Efficiency and Flexibility
Together with worth and throughput, flexibility is crucial for real-world workloads. Groups usually want management over scaling habits, GPU utilization, and deployment environments to handle price and effectivity.
Clarifai, for instance, helps fractional GPU utilization, autoscaling, and native runners — options that may enhance effectivity and cut back infrastructure overhead.

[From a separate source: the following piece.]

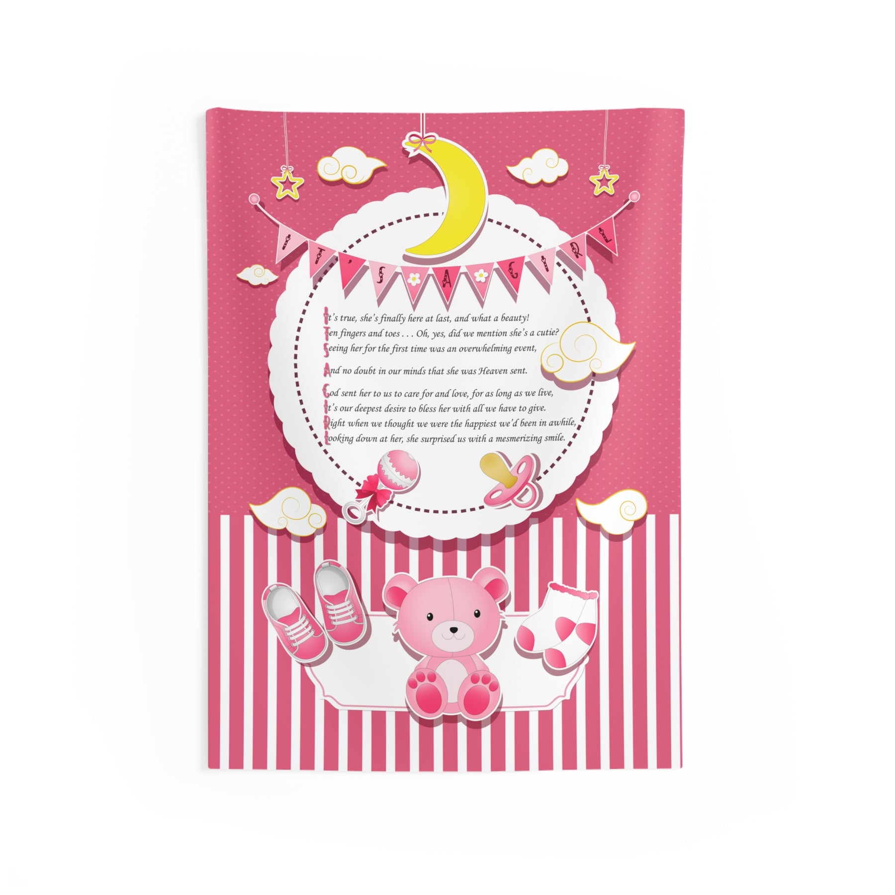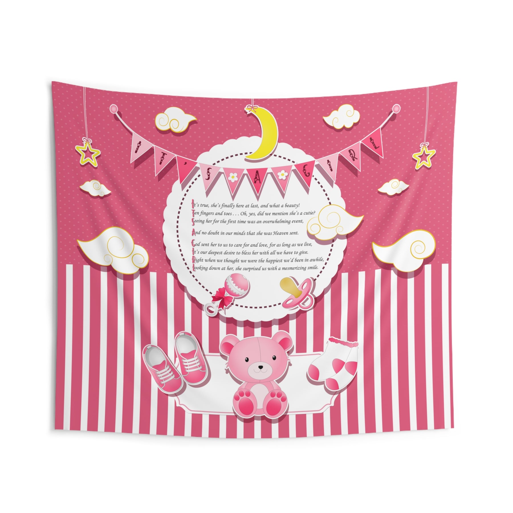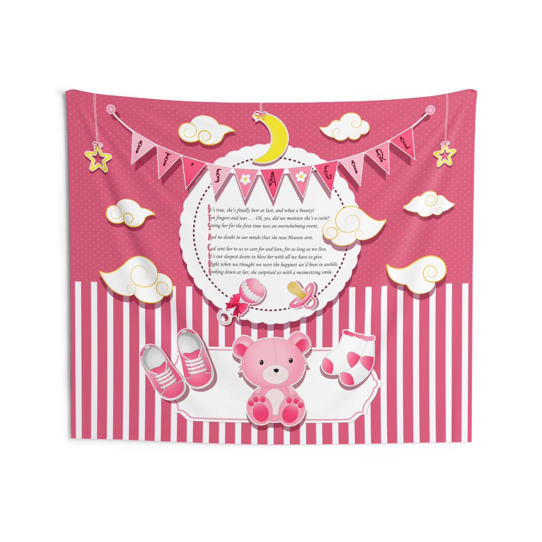 Transform the atmosphere of any baby shower with our "It's a Girl" indoor wall tapestry/backdrop. This darling design features pink and white stripes, an acrostic poem spelling out "It's a Girl, and a heartfelt message to welcome a new baby boy. Advanced printing techniques ensure every detail is perfect, no matter how intricate the design. With a variety of sizes to choose from, you can create the perfect look for your special occasion.

These capabilities prolong past GPT‑OSS‑120B. With the Clarifai Reasoning Engine, customized or open-weight reasoning fashions can run with constant efficiency and reliability. The engine additionally adapts to workload patterns over time, regularly bettering pace for repetitive duties with out sacrificing accuracy.
Benchmark Abstract
Thus far, we’ve in contrast suppliers primarily based on throughput, latency, and price utilizing the Synthetic Evaluation Benchmark. To see how these trade-offs play out in apply, right here’s a visible abstract of the outcomes throughout the completely different suppliers. These charts are instantly from Synthetic Evaluation.
The primary chart highlights output pace vs worth, whereas the second chart compares latency vs output pace.
Output Velocity vs. Worth
%20.png?width=1000&height=547&name=Latency%20vs%20Output%20Speed%20(8%20Oct%2025)%20.png)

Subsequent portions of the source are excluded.